State Medicaid agencies should also design VBCs to account for substantial variations in the costs of treatment that serve as alternatives to CGT. The magnitude of standard deviation we observed (83–99% of the mean cost) in hemophilia A and B aligns with the findings of previous studies utilizing claims data [30, 31]. This underscores the importance of accounting for cost variations in cost simulations, as point estimates in economic evaluations often fail to capture these variations adequately. Although our estimation suggests an average breakeven period of 8 and 6 years when providing gene therapy to patients with hemophilia A or B, respectively, taking into account uncertainty reveals that the likelihood of reaching breakeven within 10 years is approximately 48% for hemophilia A and 59% for hemophilia B. One option to address uncertainty is to pool risk with other state Medicaid programs by developing VBCs that encompass several states. The CMS Centers for Medicare & Medicaid Innovation (CMMI) will test a model to achieve this type of risk pooling, or states may independently choose to pool together [28]. A second option is to construct a more financially conservative VBC where reimbursement to the drug manufacturer is lower or a warranty for refund is set over a longer time period.
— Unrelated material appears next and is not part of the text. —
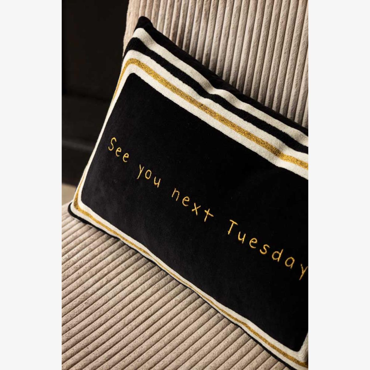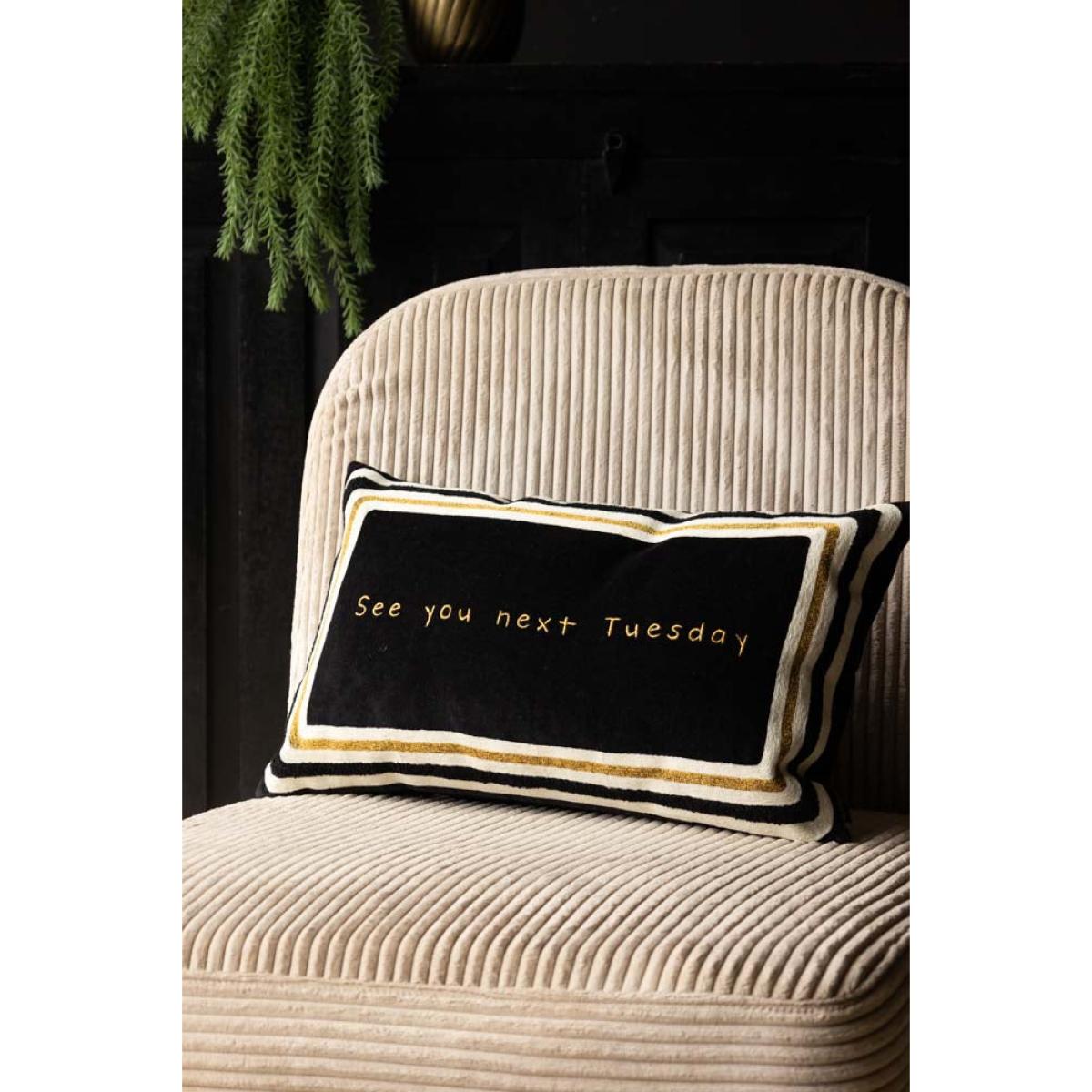 For those who appreciate a dash of daring decor, the See You Next Tuesday Cushion is all about tongue-in-cheek humour with a luxurious twist. This isn't meant to offend; it's designed for those who embrace a little sweary style in the home, guaranteed to spark smiles and perhaps a few raised eyebrows! Crafted from sumptuous black cotton velvet, this cushion is a tactile delight, featuring bold gold embroidered lettering with a chic piped edge. Measuring H30cm x W50cm, it's filled and ready to go as the ultimate statement piece, bringing character and personality to any space. Whether it's for your sofa, bed, or favourite armchair, this cushion is the perfect quirky addition to your decor; or a fun gift for someone who loves a touch of cheeky humour! - See You Next Tuesday Black & Gold Cushion - Measures H30cm x W50cm - Material: Cotton Velvet - Cushion comes with inner

Our findings have direct implications for designing VBCs. In the examples provided for CGTs in hemophilia A or B, since the payment is made up front, Medicaid does not have the opportunity to link the payment to expected outcomes over time. A VBC ensures patient access to the gene therapy offering a payback or refund mechanism if the therapy does not deliver the expected results. To enter into a VBC, Medicaid must first understand the cost-offset potential of the CGT, which is a function of the uncertainty around eligibility for the CGT, and the heterogeneity in costs spent on usual care. A deep understanding of how these sources of uncertainty and heterogeneity can provide Medicaid with trade-offs when evaluating the terms of a VBC. For a generic example applicable to CGTs that have large cost offsets, these trade-offs may include higher (lower) refund amounts with shorter (longer) contract durations evaluated at varying levels of eligibility.

4.1 Limitations

Our analysis has certain limitations. The data we used was specific to Colorado, and therefore may not be representative of the experience of other state Medicaid plans. However, we believe the methodology is transferable to other states and can be used by other Medicaid organizations to design VBCs. The analysis did not account for loss to follow-up. Therefore, it should be acknowledged that savings projected in our simulations may not be fully realized by Medicaid only, as patients have the potential to switch to another payer, such as Colorado’s state healthcare exchange or employer-sponsored insurance. These savings will then be realized at a broader health system level. We recognize that the number of factor claims does not necessarily correspond to the utilization of prophylactic therapy. If available for analysis, the total international units of factor replacement products administered during a specific timeframe may offer a more precise metric for use in value-based agreements. Nevertheless, based on the literature we have reviewed, the number of claims appears to serve as a reliable proxy for indicating the requirement for regular treatment (prophylaxis) and may be indicative of a more severe disease.